Task directions » Nothing but the text of the listing, repeated exactly, belongs in the answer; leave the images out.

Data shown »
::::::::::

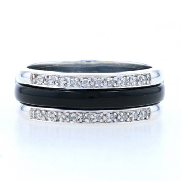 Sterling & Black Titanium Cubic Zirconia Band 925 Rnd.10ctw Wedding Ring Sz7 3/4
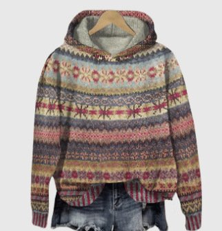 Este suéter con capucha y bloques de color, holgado y moderno, interpreta fácilmente la estética de vestir que combina moda y comodidad.
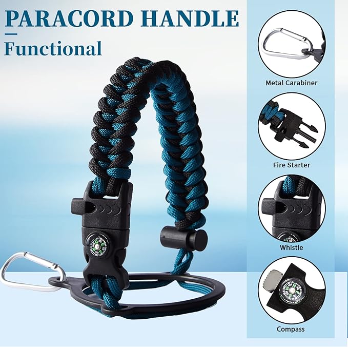 - PERSONALIZATION BOTTLE PARACORD HANDLE - Thermo water bottle with a pretty cool functional paracord handle which does more than meets the eye. The survival strap cord made of military grade nylon, with compass, safety loop, metal carabiner, flint, igniter and whistle. Can help you out if you were in a survival situation while hiking, camping or everyday life
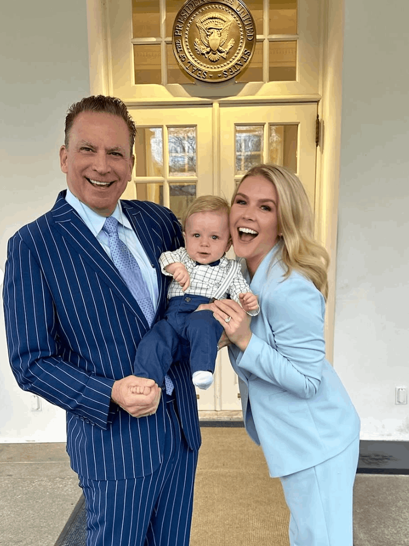Dressed in the same baby blue suit she wore during that day’s press briefing, Leavitt beamed as she held her baby and posed alongside Riccio, who wore a classic navy striped suit.

::::::::::

Exercise result »
 Sterling & Black Titanium Cubic Zirconia Band 925 Rnd.10ctw Wedding Ring Sz7 3/4
 Este suéter con capucha y bloques de color, holgado y moderno, interpreta fácilmente la estética de vestir que combina moda y comodidad.
 - PERSONALIZATION BOTTLE PARACORD HANDLE - Thermo water bottle with a pretty cool functional paracord handle which does more than meets the eye. The survival strap cord made of military grade nylon, with compass, safety loop, metal carabiner, flint, igniter and whistle. Can help you out if you were in a survival situation while hiking, camping or everyday life
Dressed in the same baby blue suit she wore during that day’s press briefing, Leavitt beamed as she held her baby and posed alongside Riccio, who wore a classic navy striped suit.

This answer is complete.